======== EXTRACTED DATA ========

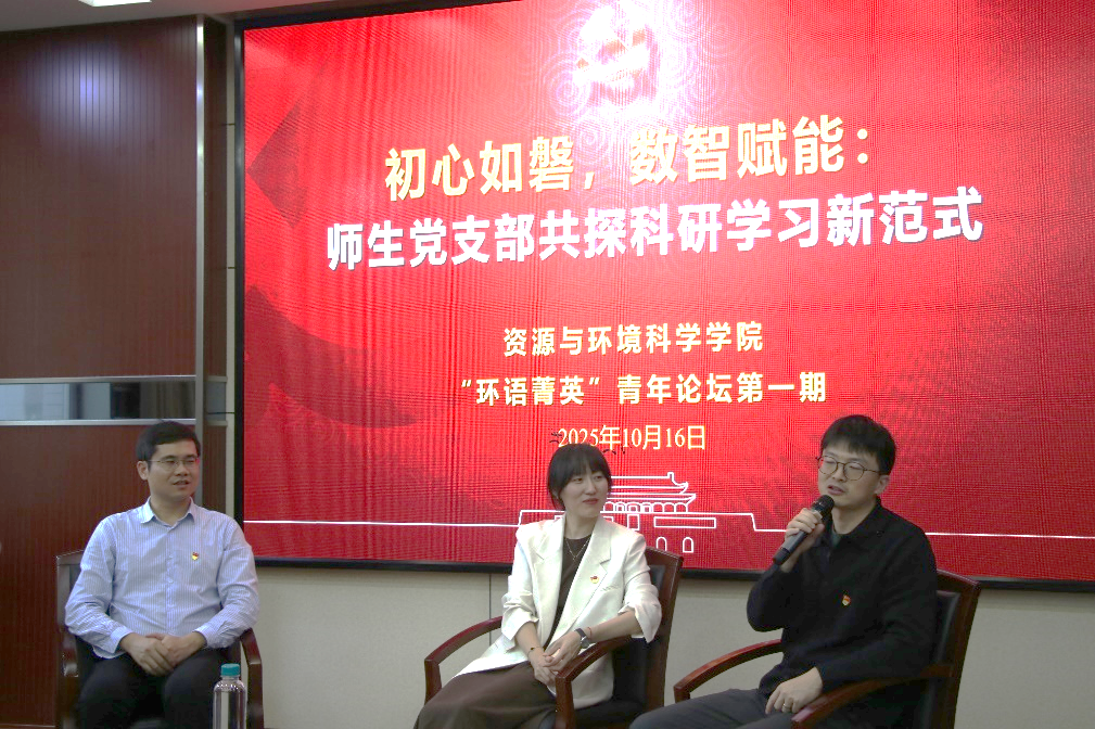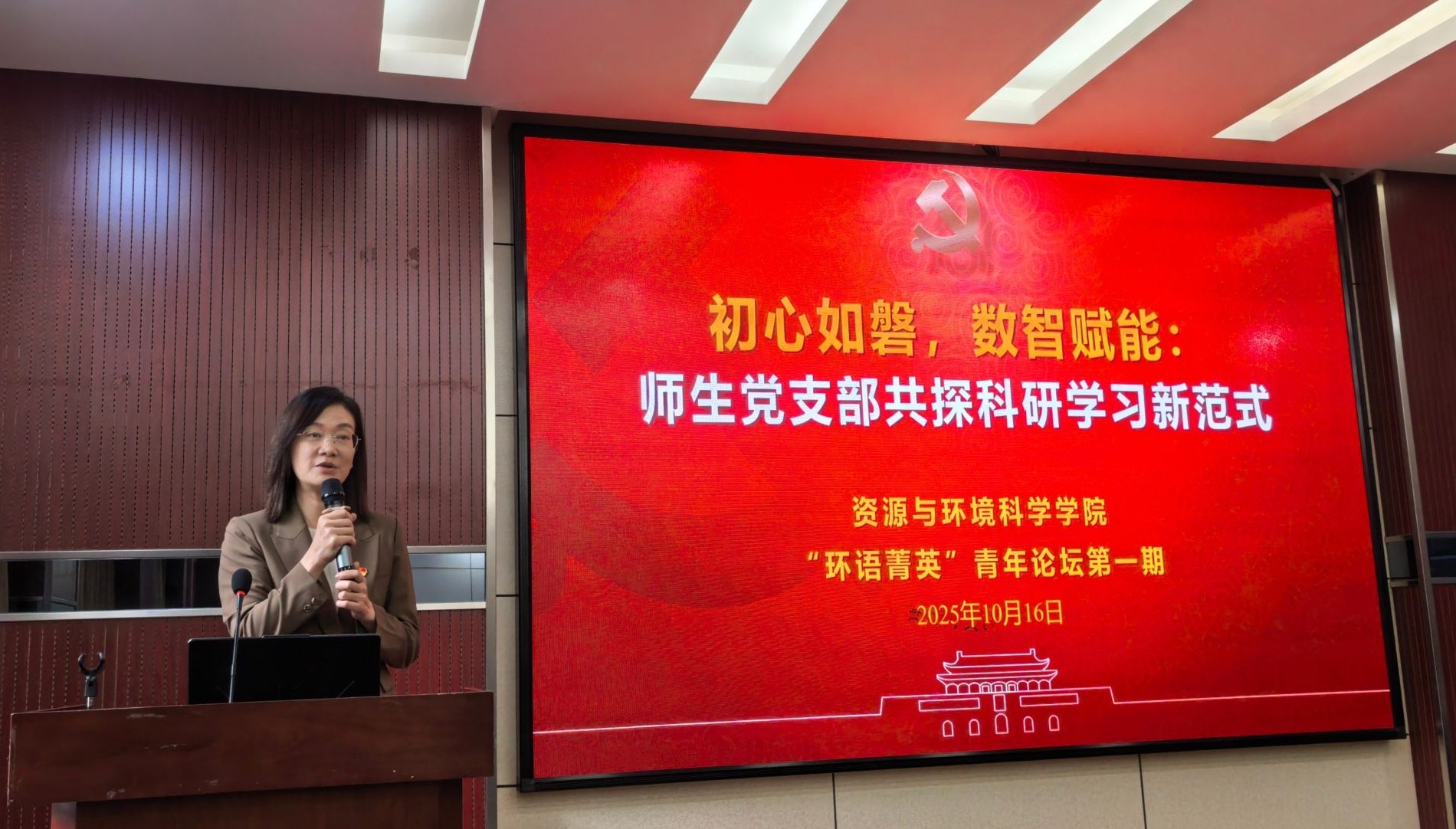 第一期“环语菁英”青年论坛在学院220报告厅顺利举行。本次论坛以“初心如磐,数智赋能:师生党支部共探科研学习新范式”为主题。学院党委书记张宇宁、党委副书记王泉、马丽华出席论坛,地理信息与地图科学系教师党支部、研究生第四党支部及地理科学与国土资源系研究生第五党支部、本科生第一党支部的党员和积极分子代表共60余人参加本次论坛。论坛由地理信息与地图科学系教师党支部书记杨敏主持。
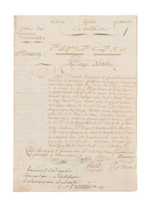 -Congé militaire (congé absolu) : 6ème bataillon du BEC D’AMBES Compagnie de Vernet, destiné à un volontaire dudit bataillon. Fait au camp D’ORTASSA, le 25 germinal an 2 (14 avril 1794). Nombreuses signatures dont la rare du Général DUGOMMIER qui mourra quelques mois plus tard (17 nov. 1794) sur la montagne noire par un obus qui lui fracassa la tête.
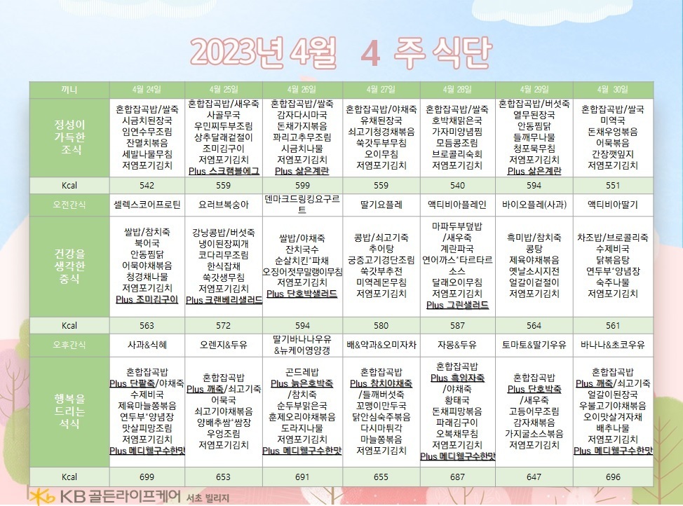 서초빌리지 [식단안내] 서초 빌리지 4월 4주차 식단표 페이지 정보 작성자 KB 골든라이프케어 댓글 0건 조회 2,311회 작성일 23-04-21 18:35 목록 본문 목록 이전글[식단안내] 위례 케어센터 4월 4주차 식단표 23.04.22 다음글[오늘의 식단] 2023년 4월 19일 수요일 23.04.19
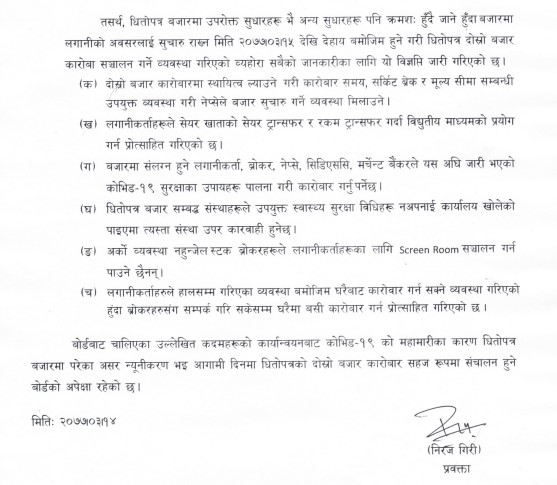 नेप्सेले नेपाल धितोपत्र बोर्डबाट शेयर बजार सुचारु गर्न लिखित पत्र आएको जनाएको छ । आजै बसेको बोर्ड बैठकले निर्णय गरेपछि नेप्सेलाई पत्र लेखेर भोलिबाट शेयर बजार सुचारु गर्न निर्देशन दिइएको बोर्डका प्रबक्ता निरज गिरीले बताए ।
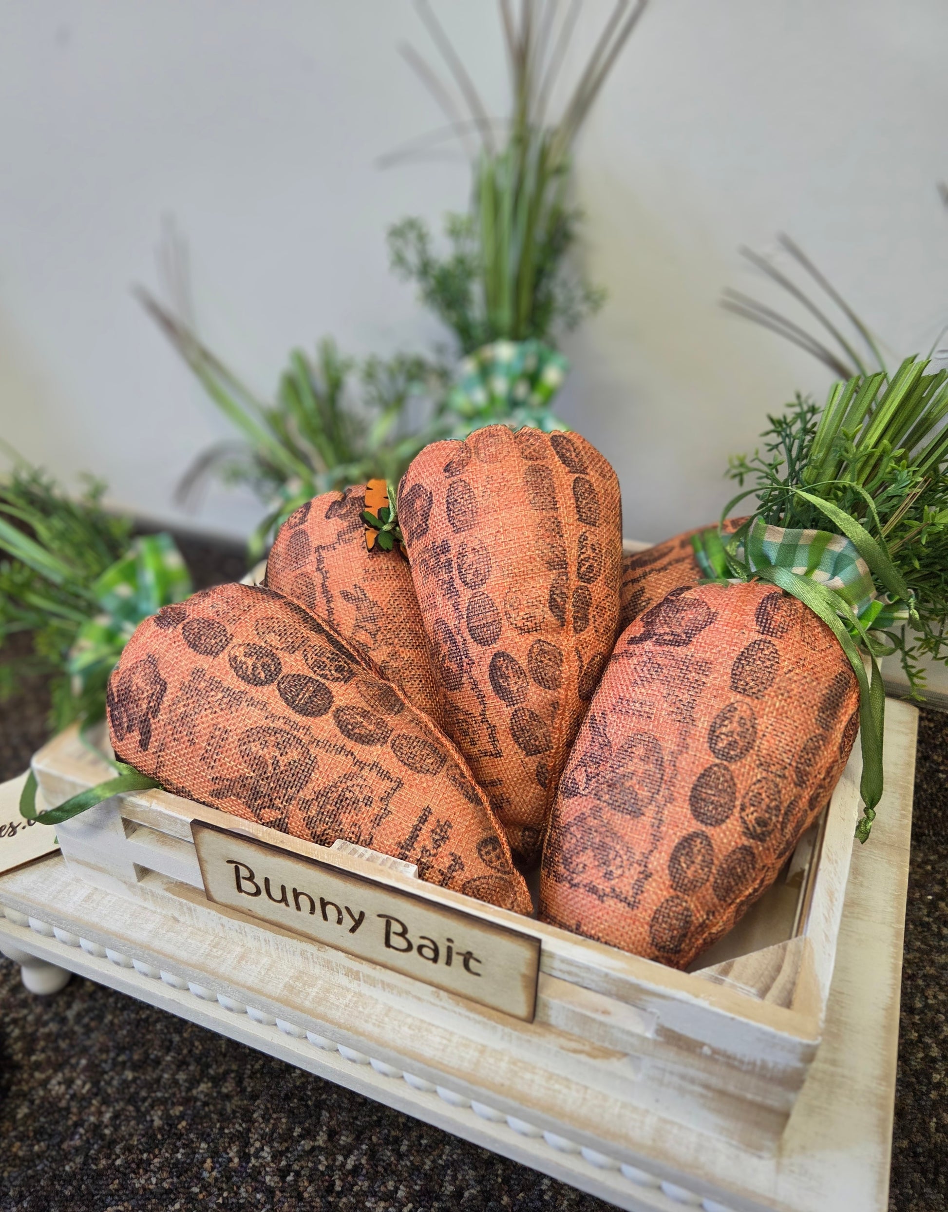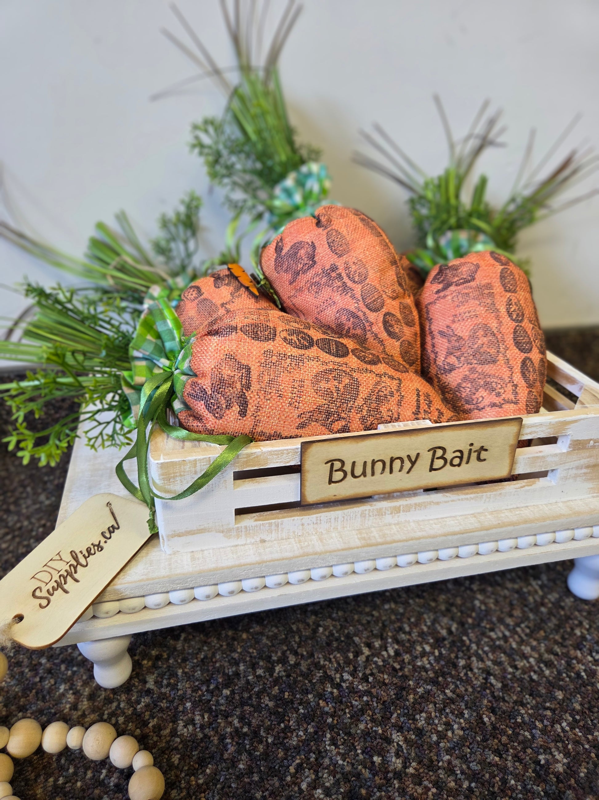 Bunny Bait Crate and Carrots. Crate is 10.5" x 11 inch x 3inch with 8" stuffed carrots. Teir tray in photo is not included but the crate is.
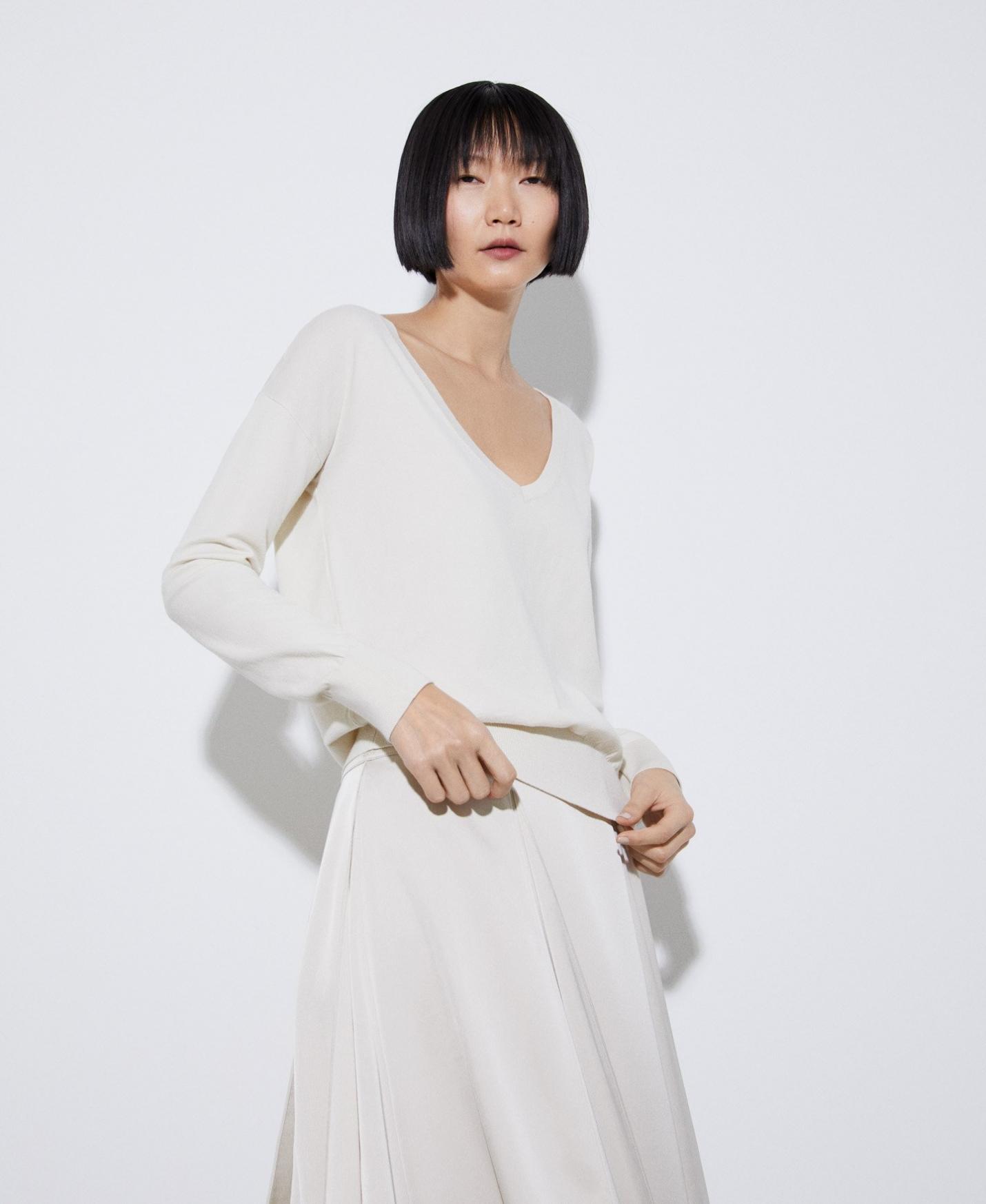 Punto Adolfo Dominguez | Jersey escote pico en punto de viscosa Beige Mujer

========

#### BRIEF:
Repeat the data exactly. No pictures should appear.

#### THE COMPLETED TASK:
 第一期“环语菁英”青年论坛在学院220报告厅顺利举行。本次论坛以“初心如磐,数智赋能:师生党支部共探科研学习新范式”为主题。学院党委书记张宇宁、党委副书记王泉、马丽华出席论坛,地理信息与地图科学系教师党支部、研究生第四党支部及地理科学与国土资源系研究生第五党支部、本科生第一党支部的党员和积极分子代表共60余人参加本次论坛。论坛由地理信息与地图科学系教师党支部书记杨敏主持。
 -Congé militaire (congé absolu) : 6ème bataillon du BEC D’AMBES Compagnie de Vernet, destiné à un volontaire dudit bataillon. Fait au camp D’ORTASSA, le 25 germinal an 2 (14 avril 1794). Nombreuses signatures dont la rare du Général DUGOMMIER qui mourra quelques mois plus tard (17 nov. 1794) sur la montagne noire par un obus qui lui fracassa la tête.
 서초빌리지 [식단안내] 서초 빌리지 4월 4주차 식단표 페이지 정보 작성자 KB 골든라이프케어 댓글 0건 조회 2,311회 작성일 23-04-21 18:35 목록 본문 목록 이전글[식단안내] 위례 케어센터 4월 4주차 식단표 23.04.22 다음글[오늘의 식단] 2023년 4월 19일 수요일 23.04.19
 नेप्सेले नेपाल धितोपत्र बोर्डबाट शेयर बजार सुचारु गर्न लिखित पत्र आएको जनाएको छ । आजै बसेको बोर्ड बैठकले निर्णय गरेपछि नेप्सेलाई पत्र लेखेर भोलिबाट शेयर बजार सुचारु गर्न निर्देशन दिइएको बोर्डका प्रबक्ता निरज गिरीले बताए ।
 Bunny Bait Crate and Carrots. Crate is 10.5" x 11 inch x 3inch with 8" stuffed carrots. Teir tray in photo is not included but the crate is.
 Punto Adolfo Dominguez | Jersey escote pico en punto de viscosa Beige Mujer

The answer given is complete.